Evaluating WarmAdaBatch: As for the batch, the first cycle of learning rate lasts 3 epochs and the second one 27 epochs. Variation of batch size and learning rate cycles are synchronized. This solution allows to have a 0.088% gain in accuracy with respect to CapsNet baseline implementation, and the baseline maximum accuracy is reached by CapsNet with WarmAdaBatch in 3 epochs against 29. After the first three epochs batch size changes and learning rate is restarted, so there is a drop of accuracy, that however re-converges in a few steps to the highest stable value obtained.

Evaluating Weight Sharing: applying weight sharing to the DigitCaps layer, we are able to achieve a 15% reduction in the number of total parameters, decreasing from 8.2 millions to 6.7 millions. However, this reductions leads also to a decrease in the maximum accuracy, dropping by 0.26%.
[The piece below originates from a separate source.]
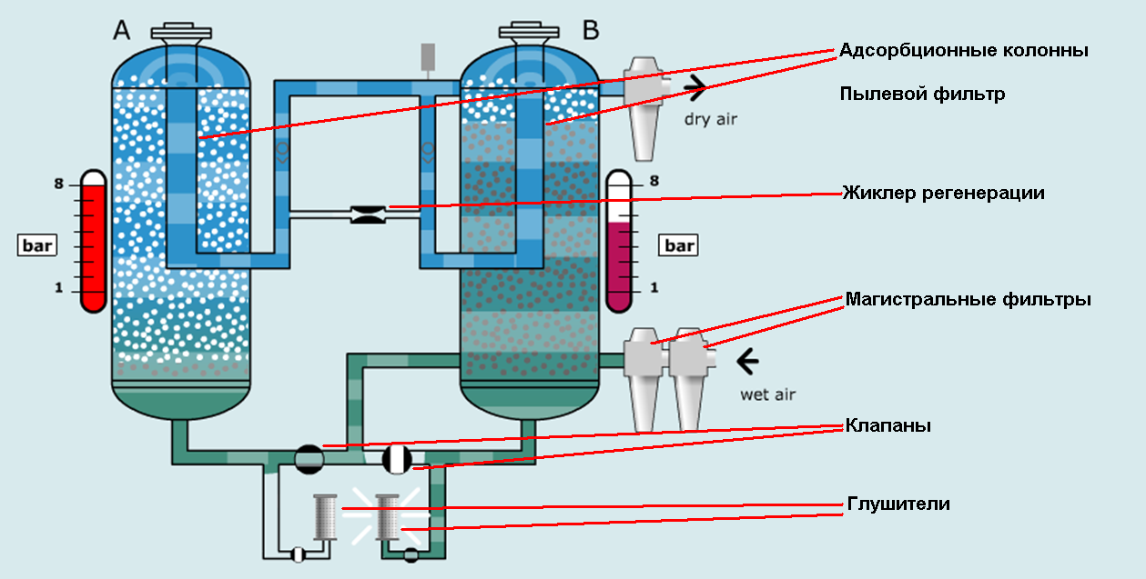 Принцип работы данного вида установок довольно прост. Влага пропускается через адсорбент (молекулярное сито) который ее поглощает. В качестве влагопоглотителя чаще всего использует: алюмогель, двуокись кремния, силикагель и другие. При работе агрегата адсорбент в нем проходит регенерацию. В следствии этого частицы масла, воды или даже газов (метан, оксид углерода, углекислый газ) выводятся из молекулярного сита с помощью продувки или нагрева.
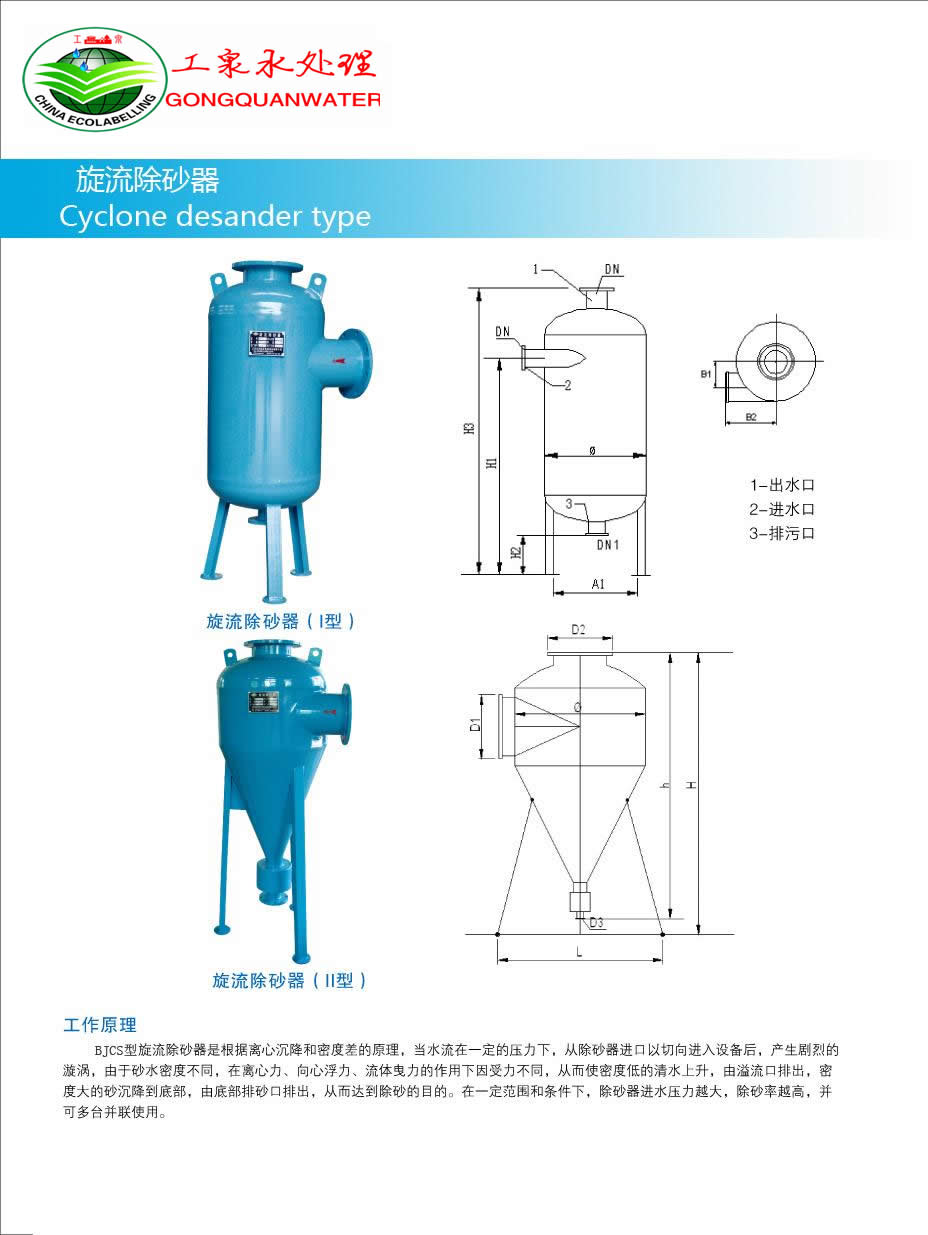GQ系列旋流除砂器的特點: 1、結(jié)構(gòu)簡單,操作簡便,使用安全可靠,幾乎不需維護。 2、與擴大管、緩沖箱等除砂設(shè)備相比,具有體積小,處理能力大,節(jié)省現(xiàn)場空間等優(yōu)點。 3、可在不間斷供水過程中清除水中的砂粒。 4、避免了其他除砂方式存在水質(zhì)二次污染的現(xiàn)象,除砂效率高。

5.3 Comparison of different optimization types

We compare the different types of optimizations in terms of accuracy, and also based on the training time to reach the maximum accuracy and the number of parameters. As we can see in Figure 6a, we compare different optimization methods in a 3-dimensional space. This representation provides Pareto-optimal solutions, depending on the optimization goals. We also compare, in Figure 6b, the accuracy and the learning rate evolution in different epochs, for AdaBatch, WarmRestarts and WarmAdaBatch. Among the space of the solutions, we discuss in more details two Pareto-optimal ones, WarmAdaBatch and the combination of WarmAdaBatch and weight sharing, which we call WAB+WS.

WarmAdaBatch: This solution provides the optimal point in terms of accuracy and training time, because it achieves the highest accuracy (99.454%) in the shortest time (2400 seconds). Varying the batch size boosts the accuracy improvements in the first epoch and the restart policy contributes to speed-up the training.

WAB+WS: The standalone weight sharing reduces the number of parameters by 15%. By a combination of it with WarmAdaBatch, the accuracy loss is compensated (99.38% versus 99.366% of the baseline), while training time is shorter than the baseline (7200 seconds versus 8700 seconds) but longer than simple WarmAdaBatch. Our framework chooses this solution if also the number of parameter reduction is selected among the optimization goals.

(a)
(b)
Figure 6: Legend is in common for both figures. (a) Comparison of different optimization types offered by our X-TrainCaps framework, on the basis of accuracy, training time and number of parameters. The training time is computed as the number of epochs to reach the maximum accuracy, multiplied by time (in seconds) per epoch. The words WAB and WS stand for WarmAdaBatch and WeightSharing, respectively, with WeightSharing including also the small-decoder optimization. (b) Accuracy evolution over the training epochs for different optimization solutions, showing a high accuracy improvement for many policies, with a high reduction in training time and high accuracy for the ones based on warm restarts.

6 Conclusion

In this paper, we proposed X-TrainCaps, a novel framework to automatically optimize the training of a given CapsNet for accuracy, training time or number of parameters, based on the requirements needed. We enhanced the different learning policies, for the first time, for accelerating the training of CapsNets. Afterwards, we discussed how an integrated training framework can be developed to find Pareto-optimal solutions, including different new optimizations for fast training like WarmAdaBatch, complexity reduction for the CapsNet decoder, and weight sharing for CapsNets. These solutions not only provide significant reduction in the training time while preserving or improving the accuracy, but also enable a new mechanism to provide trade-off between training time, network complexity, and achieved accuracy. This enables new design points under different user-provided constraints.